肖文豪眼中閃爍著驚喜,「你,你不生氣了?」
田蜜小嘴一撅,斜睨著肖文豪,「氣,怎麼不氣。我要把你留在我家當小伙計,好天天拿你出氣。怎麼,怕了嗎?。」
肖文豪把小胸脯一挺,「不怕,只要你給工錢,打我都不怕!」
田蜜一巴掌拍到男孩的後腦勺上,「胡說什麼,當我是吃人的壞東家嗎?趕緊收拾好出來幫忙,否則扣你工錢!」
肖文豪模模被打的後腦勺,十分無辜地對田蜜小東家說︰「我是男子你是女子,你不出去我怎麼月兌衣服,我爹說男女授受不親。」
火光映紅了田蜜的小臉蛋,她背過身去走出廚房,對一直站在門外看熱鬧的雲氏說︰「是不是有什麼樣的爹就有什麼樣的娃,小耗子怎麼跟他那秀才爹爹一樣酸!」
雲氏但笑不語,搬了個板凳擇菜去了。今天的活兒很重呀,有上百斤的菜要整理清洗晾曬,但願天黑之前能做完……

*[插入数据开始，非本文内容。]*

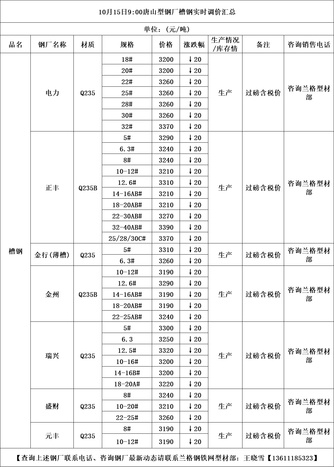 • 10月15日9:00唐山型钢厂槽钢实时调价汇总

後面多了三個人幫忙,田胖子終于不象前兩日那般手忙腳亂了。他在前面賣包子,不夠賣的時候就讓田蜜和肖文豪出來換他進去做包子,一點不耽誤功夫。
洗碗燒火的活兒是肖文豪包圓的,雲氏就一直坐在那里擇菜,擇完了洗干淨晾曬在細繩上,到天黑的時候,居然也做完了。

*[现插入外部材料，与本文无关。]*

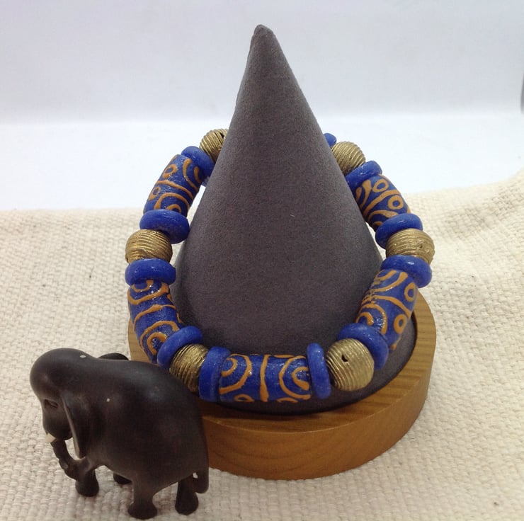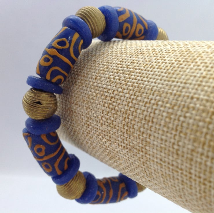 A large bracelet with handmade glass and brass beads from the Krobo region of Ghana, made in African village workshops from recycled glass and then strung here in Shropshire.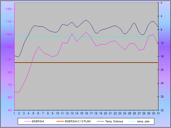 Zmiany produkcji, które odpowiadają zmianom zużycia energii cieplnej w październiku przedstawiono na powyższym wykresie (PEC w Gnieźnie, dzięki zautomatyzowaniu i opomiarowaniu procesu produkcji, dostarczania i dystrybucji energii cieplnej, dostarcza tylko tyle energii jaka jest pożądana przez użytkowników).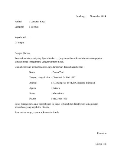 Contoh surat lamaran kerja dan cv terbaru sugeng story. Contoh surat lamaran pekerjaan lengkap dan tips cara membuat . By thekingofstress september 13, 2019 post a comment. Lowongan kerja perusahaan daerah air minum rejang lebong . Bone dit e m p a t perihal :
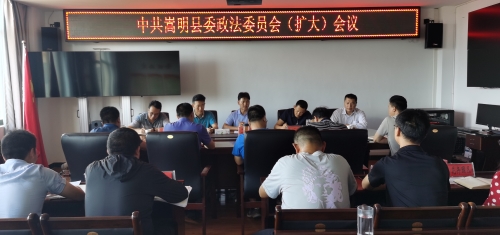 8月5日,县委常委、县委政法委书记主持召开县委政法委员会全体(扩大)会议,贯彻落实习近平总书记考察云南时的重要讲话精神,学习相关条例、规定、制度及文件,听取政法各单位上半年工作汇报,并对推进下半年政法重点工作、党风廉政及反腐败、政法队伍建设等工作进行安排部署。

田蜜今天則是救火員,哪里需要哪里去,沒有空想別的,腦子里只有四個字︰忙碌、疲憊。但是她很快活。
原來包子鋪都是午時歇市,開始賣粥之後,居然到了晚飯時還有客人來。這時候來的大多是外地小商販,來批發隻果的,仰慕田氏包子的美名,加上有粥有小菜,花上幾文錢就能吃得飽飽的,好吃又實惠。吃完了就到後街找家小客棧睡一宿,明兒一早又來吃了包子去批隻果回家,這一趟走得真舒坦。
客人少了,活不多了,田蜜就坐在田胖子膝頭上,听小販們侃大山,說起販賣隻果的艱辛,有人還抹起了眼淚。
這些人本錢不多,一次只能批個幾百斤隻果。路上不太平,用牛車拉損耗很大,用馬車拉運費又太高分薄了利潤,一年到頭也就混個溫飽。小販們常年在外奔波,吃不好睡不好,真是受罪,也只有想想家中倚門相望的妻子和嗷嗷待哺的兒女,才有做下去的動力。
侃著侃著,田蜜也陪著流了幾滴眼淚。世事艱難,創業不易,不管是華夏還是大燕,都是這個道理。
星星亮起來了,田胖子溫和地勸人去住店歇息。他們吃飽了,自家還沒吃呢,不也很艱苦?為了生活,誰都不輕松。
一家人都在這里,雲氏也就在廚房做了晚飯。把醬黃瓜、糟小魚、熗白菜、豬大骨湯做出來,香氣撲鼻、顏色鮮艷,看起來就有食欲。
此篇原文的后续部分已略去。